Despite its weaknesses and insufficiencies, the organization of leading rich and developing nations is one of extraordinary usefulness. The governments seated at the Group of 20 summit represent more than two-thirds of the global population, 85 percent of global gross domestic product and 75 percent of global trade. Between the elite of the club of leading industrial nations (where only the most advanced Western economies are seated), the ineffectiveness of many United Nations organizations (where all 193 members are seated), and the absence of a global government, the G-20 combines sufficient legitimacy and efficacy to be the stage from which the direction of global governance should be directed..

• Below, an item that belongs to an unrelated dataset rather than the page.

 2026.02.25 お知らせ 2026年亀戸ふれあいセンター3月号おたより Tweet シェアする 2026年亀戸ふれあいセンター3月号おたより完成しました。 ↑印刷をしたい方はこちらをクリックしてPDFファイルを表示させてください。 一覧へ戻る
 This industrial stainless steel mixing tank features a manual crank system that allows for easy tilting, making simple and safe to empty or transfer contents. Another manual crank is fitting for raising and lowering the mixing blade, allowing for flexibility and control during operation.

Multilateralism is the only way of ordering, albeit only to a limited extent, the complex world we live in, one plagued by tremendous obstacles, whether they be economic (trade and investment) or more political (climate change, immigration and terrorism). An opportunity exists for a globalization that works for everyone, and it is in forums such as G-20 where that possibility could materialize.
This understanding of the necessity for rules and agreements is shared far and wide, except in Washington, D.C., where Donald Trump governs with his “America First” slogan. He didn’t adopt this slogan casually; it comes directly from the 1930s when protectionism and authoritarianism thrived.

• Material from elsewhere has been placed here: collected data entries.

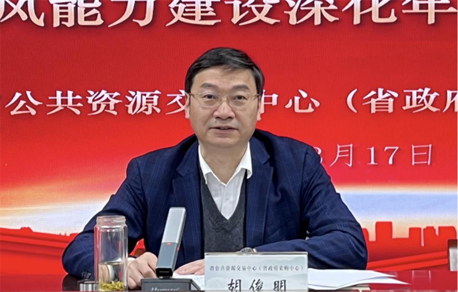 胡俊明要求,2023年,党风廉政建设工作要坚持以习近平新时代中国特色社会主义思想为指导,全面学习贯彻党的二十大精神,认真贯彻落实二十届中央纪委二次全会和省第十二次党代会、省纪委十二届二次全会部署,一刻不停全面从严,持之以恒正风提能,为交易采购事业高质量发展提供坚强保障。一是以“两个永远在路上”的执着,切实推进党风廉政建设。要坚持运用“全周期管理”理念,强化政治建设,提升政治能力;强化廉政教育,筑牢拒腐防线;强化责任担当,形成工作合力,推动惩治威慑、制度约束、提高觉悟一体发力,打好高压震慑、建章立制、教育转化“组合拳”,达到全方位、立体化、综合性治理效果。二是以“作风能力建设深化年”为载体,踏实抓好干部队伍建设。要提高站位,强化认识,高点谋划作风能力建设深化年活动;要聚焦短板,创新机制,高位推动作风能力建设走深走实;要精心组织,统筹推进,高标落实作风能力建设深化年活动要求。三是以“量的快速增长和质的显著提升”为目标,扎实促进公共资源交易和政府采购事业高质量发展。要在“稳增长”扩大交易采购规模上求突破,在“优环境”提升市场主体获得感上下功夫,在“提质效”打造一流交易(采购)中心上有新进展,为更好服务我省加快建设全国构建新发展格局先行区作出应有贡献。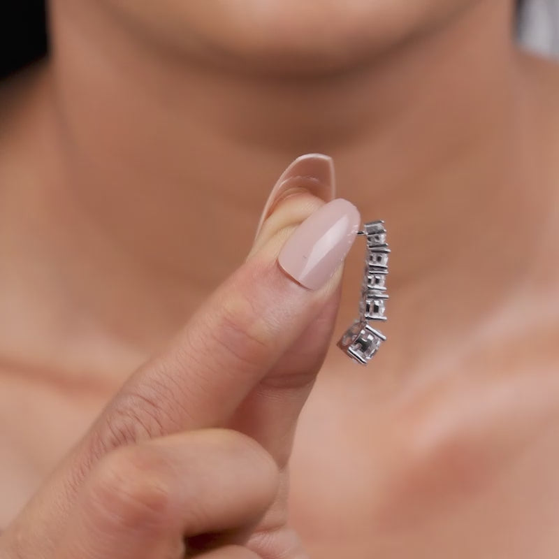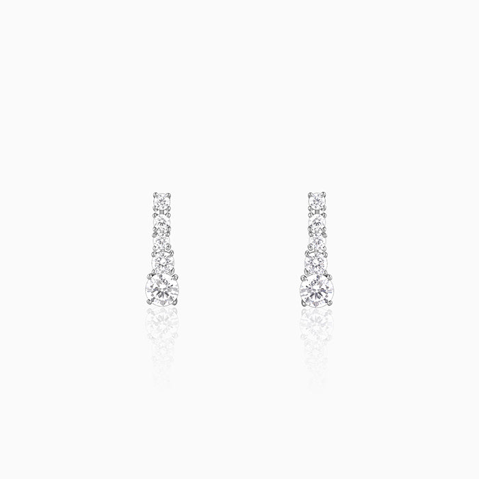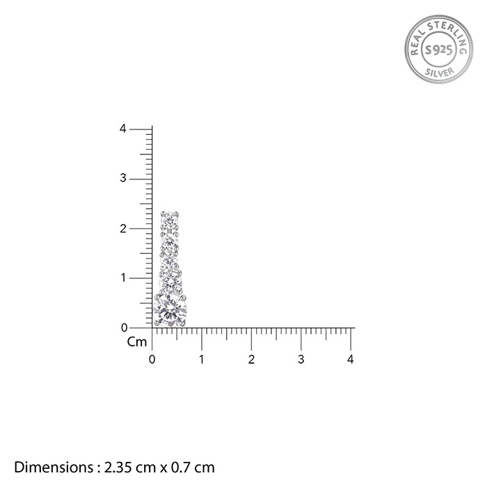 Earrings that feel like they belong in a grand gallery, not just a jewellery box. These silver earrings for women feature a vertical cascade of zircon stones, forming a sleek, elongated silhouette finished with a bold round-cut zircon drop.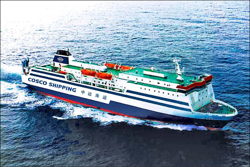 美國軍事情報機密報告顯示,中國正迅速擴建其商用渡輪船隊,以建構對台灣發動入侵的能力。圖為中國「棒棰島」渡輪。(資料照,取自中遠海運客運網頁)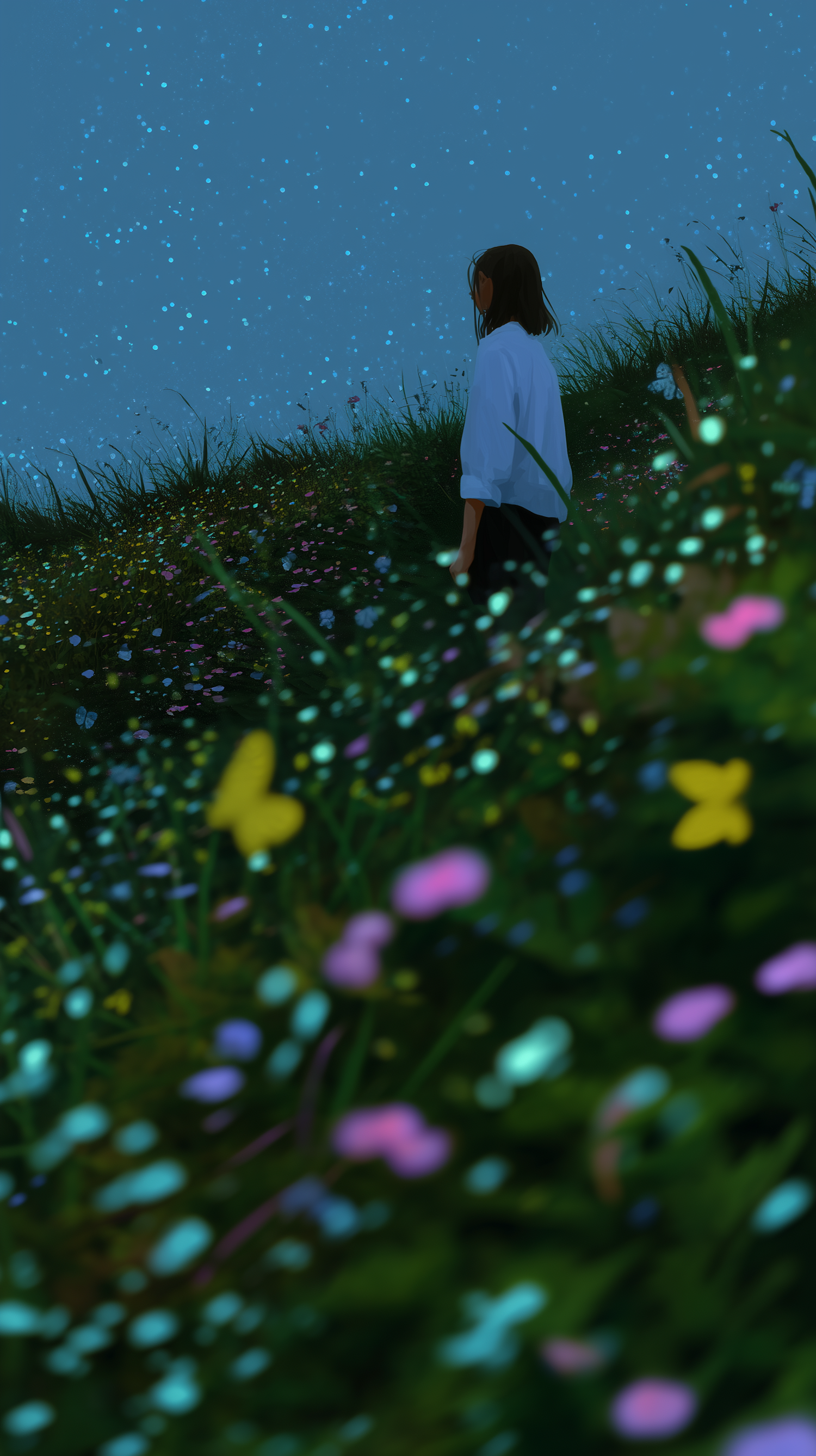 A dreamy illustration of a person in a glowing meadow under a starry night sky, surrounded by vibrant flowers and butterflies.

Ironically, in this contempt for the G-20 summit and multilateralism, this weekend we have discovered actors as disparate as Trump and violent anarchism, which has made Hamburg, not known for its ideals, purposes or principles, a city seized by street violence.
In Hamburg, Trump’s insistence on disassociating from the climate change agreements and reserving unilateral protectionist actions for himself has been, at the very least, impeding the finalizing of a joint statement. Unfortunately, the U.S. president has marked the global agenda by changing his mind and by his contradictions. After speaking in Warsaw on the West’s civilization crisis and being asked if he is ready to defend his values, he ignored all the problems the West has with Russia in his first interview with Putin and continued the unabated hostility toward Mexico with his promise to make it pay for the wall. Then, in the best Eastern style of governance, he sent his daughter Ivanka to wow the other leaders instead of the secretary of state, as protocol dictates.

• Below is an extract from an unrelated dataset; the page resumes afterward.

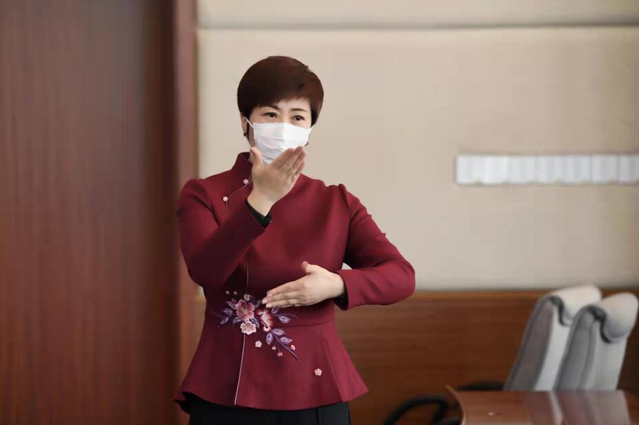 “手語是健全人和聾人溝通的橋梁!睆氖率终Z翻譯工作20多年,葛玉紅認為,手語在表達的時候,表情非常重要,但由于疫情原因,需要戴口罩,那我們在翻譯的時候,就更要結合眼神,手勢動作的力度,甚至體態來表情達意。盡可能翻譯的通俗易懂。正常情況下,還需要口型配合,使手語表達更準確。

The good news is that the G-20 will move forward, even if it’s as the G-19. Fortunately, everyone else has a direct interest in making sure Trump isn’t going to succeed in derailing globalization or global governance. The G-0, or the G-1 as Trump dreams it, isn’t going to happen. This week, Europe has signed a crucial free trade agreement with Japan, will ratify another with Canada and should continue fighting for multilateralism. With or without Trump.